How did I get back on the bed? Was he in here again with me while I was passed out? Oh my God, did he touch me again? I turn round and round in the small space, fear causing all my thoughts to mesh together, and my chest tightening painfully again with another impending panic attack. There has to be something I can use to protect myself; I have to do something, not remain here like a lamb awaiting the slaughter. “Think, Chrissy!” I admonish myself, my hands tightening into fists, ready to pummel him if he pops out of hiding.
The metal chain drags along the floor, the links clicking together obscenely, and grating on my frazzled nerves. I get tangled in the length, trip, and fall to the ground, the carpet burning against my knees. “FUCK! Let me out of here, you fucking psycho!” I rise and scream, as I charge at the door, and use my fists and feet to bang on it. Other than the sound of my wheezing and labored breath, no other sound greets me. The place beyond the door seems quiet and still, as if no one is out there, but that can’t be; someone put me back on that bed.
My anger ascends at the predicament I find myself in. The one I am to blame for, because I went to that glory hole and allowed him to touch me. I should have followed my first instinct, grabbed Toothless and Daisy, and ran. Now look at me, trapped like an animal in a cage, waiting for a masked villain to do whatever he wants with me. The rage continues to mount inside of me, and I dash to the dresser, pulling on the drawers, but some mechanism keeps them from completely being removed. I can’t control myself; I’m so furious that I yank the accent chair, and it topples on its side. Next goes the dresser; I pull it until it falls forward, the drawers all opening and hitting the carpet witha rancorous thud. I race to the blinds and wrench them down from the window, until muted light pours through, and causes menacing shadows from the bars across the walls. I grip the sheets from the bed and throw them to the ground, grabbing the corner of the mattress and upending it on its side, against the window that won’t allow my escape. My breathing is hoarse and coming too rapidly. I’m starting to feel lightheaded again, and I’m out of steam. I fall to the floor and crawl to a corner, bringing my knees up to my chest and wrapping my arms around them, to make myself as small as possible, as my body shakes with fear and cold. The chain reminds me of my status, a captive, an unwilling victim of whatever fucked up monster has taken me.

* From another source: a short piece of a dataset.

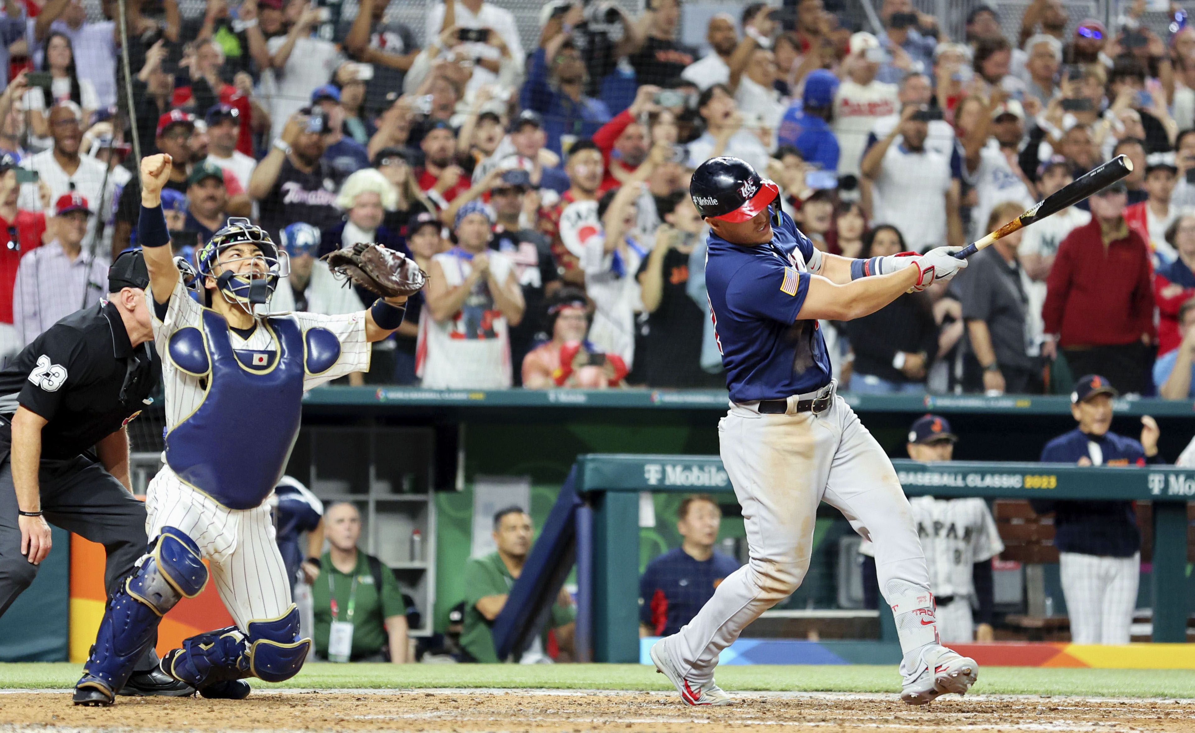決賽第九局,美國隊特勞特被三振出局。2023年3月21日攝於LoanDepot球場。(Getty=共同社)

Tears fall down my face as hopelessness begins to set in. I thought what I had already survived in my life was horrible. All the foster homes I lived in, where I never felt safe and didn’t know if I would be beaten, abused, or raped, somehow seemed to be less frightening than my current situation. I think the difference was that I could have run away back then, even though living on the streets as a child would have been difficult and terrifying, but now I don’t have that option. This maniac has taken all of my avenues of escape away, and I am stuck awaiting a fate that I don’t know if I can survive.

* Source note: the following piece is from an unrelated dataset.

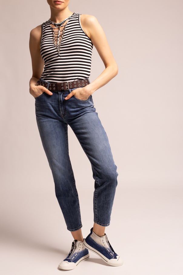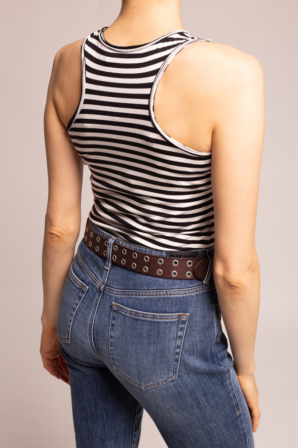 Black and white crewneck sleeveless top from Diesel. Crafted from cotton with all-over stripes, this style showcases a plunging V-neckline with braided cut-outs.

A part of me already wishes for death, knowing it will be a mercy compared to what he could do to me. I know this man is not mentally well; who in their right mind kidnaps someone, after drugging and assaulting them in their home? Who the hell gifts a woman the severed hands of a man who touched her? I still don’t even remember whose hands they could be. No, death would be preferable to whatever he’s going to do to me.
“Just kill me now, asshole! I will murder you if I get the chance!” I yell into the silence, but not a single sound is heard in response.Fuck, I am going to die.
Chapter 23
Santa
Iwatch her through the cameras as she exhausts herself once again, throws a tantrum like a brat, and destroys the room I placed her in. My eyes roll at her antics; my sweet little temptation is so dramatic, but also filled with a vicious temper, one I long to explore. The words she yells into the silent space amuse me. She wants me to kill her? Does she think that I will give her the opportunity to murder me?Foolish girl.
No, she’ll remain where she is, and I will do whatever I want with her, regardless of her wishes, for as long as I see fit, and she entertains me. My phone buzzes on the table next to mykeyboard, and a grimace crosses my face when I get a look at the screen. What does this asshole want right now? I’m fucking busy, but he thinks I’m always at his beck and call. I’ve never seriously considered patricide before, but more and more, it’s becoming a necessary option. “What?” I question, as I answer and put him on speakerphone.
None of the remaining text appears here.